Flour mill owners from all over Pakistan have shut down operations to protest against the restrictions imposed on the free movement of wheat and flour within the country.
Chairman of the All Pakistan Flour Mill Owners Association (APFMA), Iqbal Daud, told The Express Tribune that consignments of wheat and flour being transported from Punjab were being stopped by provincial authorities in Sindh despite the federal government’s assurances of free movement across Pakistan.
He added that the government had issued a notification fifteen days back permitting the export of wheat to Afghanistan. However, according to him, “Political agents in Khyber-Pakhtunkhwa and the Frontier Constabulary in Balochistan were creating hurdles for exporters.”
The chairman also labelled the recently introduced turnover tax of 1 per cent as ‘excessive’. He warned that flour mills would not resume production until the government acceded to their demands of permitting the unhindered movement of goods.
Meanwhile, the Sindh Food Department rejected allegations of obstructing the transportation of wheat in the province.
Munir Jalbani, Press Secretary of the Sindh Food and Agriculture Ministry, explained, “The Chief Minister imposed section 144 of the Code of Criminal Procedure on June 9, affecting transport of goods through Sindh. This order was not issued by Sindh Food Department”.

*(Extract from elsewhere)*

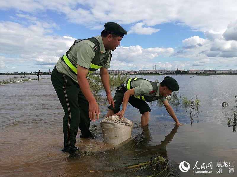 黑龍江撫遠:河水暴漲淹沒公路 邊防官兵緊急救援

Jalbani emphasised that the government had always followed an open door policy towards mill owners when it came to addressing reasonable grievances. “We have to work in the national interest and we will not concede to any demands that appease a select lobby,” he commented on the association’s ultimatum.

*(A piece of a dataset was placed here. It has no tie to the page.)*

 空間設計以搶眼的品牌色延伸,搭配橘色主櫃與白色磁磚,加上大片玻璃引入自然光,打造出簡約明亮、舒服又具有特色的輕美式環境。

He asserted that there was enough wheat in Sindh to meet local demand, pointing out that the Sindh Food Department had purchased 1.7 million tons of wheat from farmers at a support price of Rs. 2,525 per 100 kilogramme bag. He was of the opinion that mill owners only wanted to export wheat to earn abnormal profits, brushing aside accusations that restrictions from the Sindh government were simply ‘pressure tactics’.
He said that if the millers really wanted to transport wheat to Balochistan, they could easily send it by rail. “Doesn’t it cost a lot more to transport wheat by road to Karachi via Ghotki and Sukkur before sending it to Balochistan?” questioned Jalbani.

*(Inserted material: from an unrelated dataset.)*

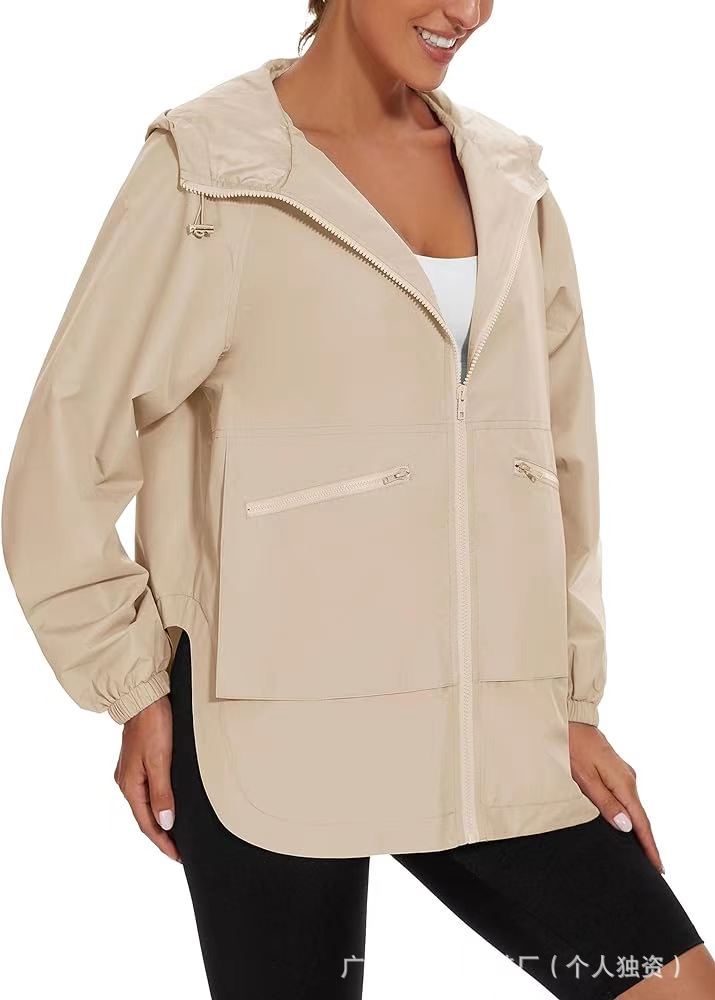 Chaqueta Cortavientos Casual de Manga Larga con Cierre y Capucha para Mujer, Superventas Transfronterizas de Primavera y Otoño 2024

All provincial chapters of the APFMA have supported the strike call. Chairman of the Balochistan office, Abdul Wahid, has stressed that all flour mills in the province would remain closed until further directives from the representatives of the association.
Analysts pointed out that the demand for wheat usually increased during the month of Ramadan. Millers have warned that the strike may be prolonged indefinitely if their demands are not met by the government. Experts say that if issues between government and millers are not resolved soon, production of the staple food items will be affected. This could translate into shortages of flour despite a record wheat harvest.
Published in The Express Tribune, July 9th, 2010.